July 18, 2008

What do The Feminists believe?

One of the most ironic anti-feminist tropes -- both in the real world and the internets -- is the charge that feminists are dogmatic. We -- so the anti-feminist will say -- are ideological drones, marching in rigid lockstep and rejecting out of hand any attempt to rationally challenge our preconceptions. We're like the Inquisition and the Secret Police, only armed with vaginas. (At least, some of us. I do chuckle a little when my anti-feminists interlocutors start referring to me using female pronouns.) The caricature is so deeply ingrained -- or, if you prefer a metaphor that literally means exactly the opposite thing but makes the same figurative point, so widely dispersed -- that it was even used against me recently by a Princeton philosophy grad student, the sort of person who you'd think would really know much, much better. (For some bonus irony, notice that the charge of dogmatism was used as an ad hominem to support the claim that I was using an ad hominem.)

I find the charge ironic because I have a great deal of trouble thinking of anything substantive that all feminists believe. After 20 minutes of careful through, and some non-trivial assumptions, I've come up with exactly one:

Most, and possibly all, cultures around the world today are sexist.


Note, for the first, that I haven't defined sexism. This is because I don't believe there's any feminist consensus on what sexism is. While feminists do agree that sexism is a problem, there's no agreement on the nature of the problem, much less on particular policies that will improve things.

With some significant assumptions, it's possible to come up with a second:

There should be some legal guarantee preventing the government from interfering with a woman seeking a voluntary abortion during the first six months of a pregnancy.

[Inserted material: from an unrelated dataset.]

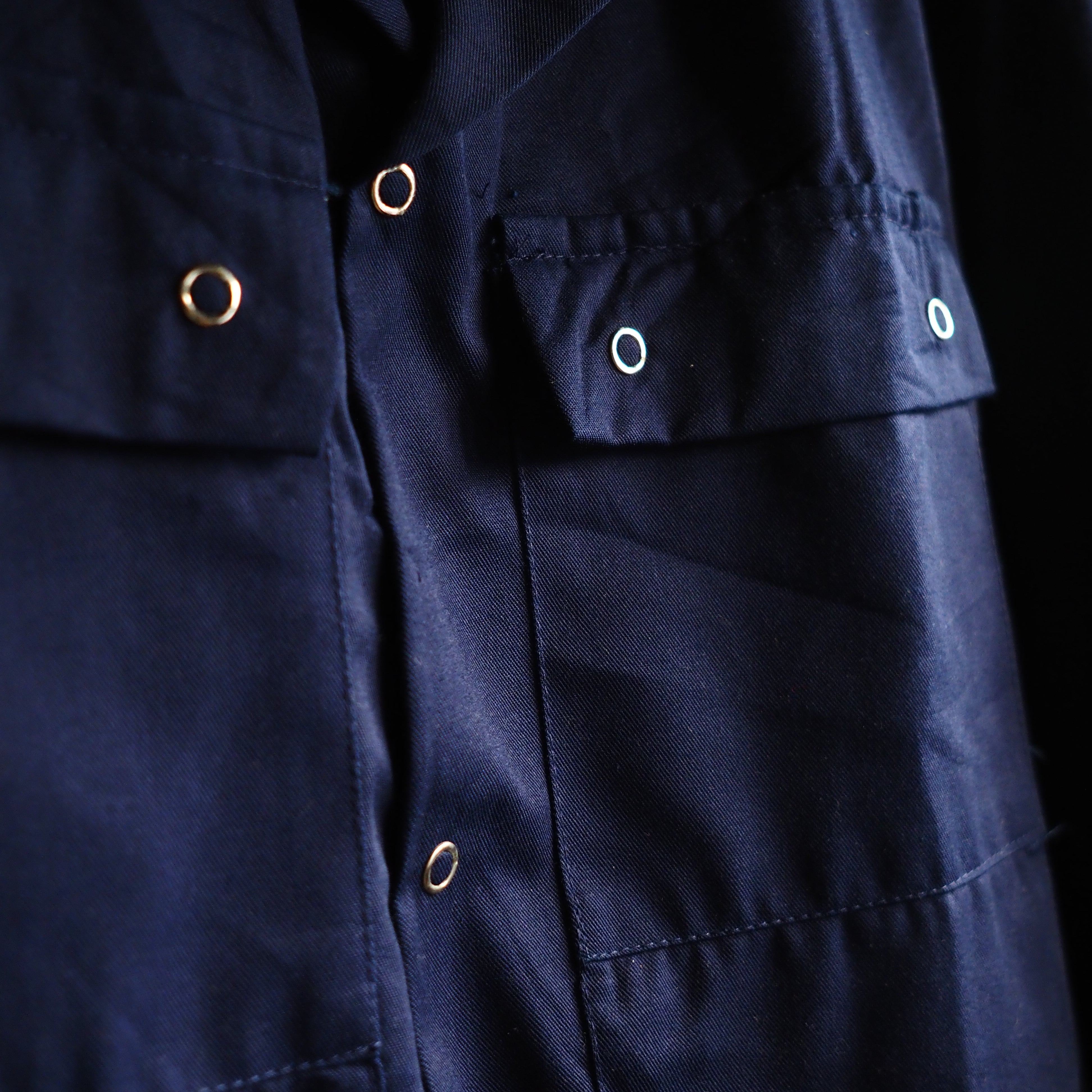 コットンとポリエステルのミックス生地で、鈍い艶感のあるソリッドなダークネイビーカラー。

But since I know, personally, at least one woman who's a dedicative progressive and devoutly anti-abortion Catholic, the assumptions needed to get consensus around this claim are dubious at best.

Now, it would be easy to come up with many more -- the sky is blue (generally), chocolate tastes good, snow is white, puppies are cute, and other inanities. But none of these is characteristic of feminism or feminists. And in no case do we have clear feminist agreement on whatever policy proposal you don't like and want to blame on `The Feminists'.

Unless I'm leaving something out. Can you come up with anything?

3 comments:

Anonymous said...

Great info. I learned a lot of new things here...

Mind Booster
http://mind-booster.blogspot.com

Anonymous said...

Surely feminists need not all share a common dogma to be dogmatic. Consider that if every feminist--however different she may be from other feminists--is individually dogmatic, inflexible and narrow-minded, then it may be said that feminists in general are dogmatic, inflexible and narrow minded. Whether they are additionally dogmatic in regard to precisely the same set of beliefs is beside the point.

If it's true that feminists are as diverse as you say, that's certainly interesting; but it doesn't follow that they aren't often dogmatic.

Noumena said...

First, if the claim is that all feminists are dogmatic, in an individual sense, then it's simply and clearly false.

Second, it doesn't seem to me like `dogmatic' is said, in the first instance, of individuals. Rather, it's said of a community, whose members all share certain beliefs -- and hold those beliefs in a certain way, which I think is what you're really trying to get at.

Suppose we consider the community of intelligent design theorists and (hypothetical) `Darwinists' (that is, mainstream biologists as ID proponents view them). Every individual in this community, ex hypothesi, is dogmatic in the sense you're suggesting -- as individuals, their beliefs are inflexible and narrow-minded, etc. Call this the community of evolution debaters.

Now, are the evolution debaters as a community dogmatic? I would say no -- their beliefs qua evolution debaters are too heterogeneous.

Similarly, in the strictly hypothetical case you consider, I don't feel like we would or should call feminists -- that is, the community of a feminists -- dogmatic. Their beliefs are too heterogeneous.

Let me make this point another way. Take a(nother) look at the comment I link to in the first paragraph of the post. The caricature is not that feminists are, individually, dogmatic and inflexible. The accusation is first and foremost that the site, ie, the community of feminist philosophers, is dogmatic, not that I, individually, am dogmatic.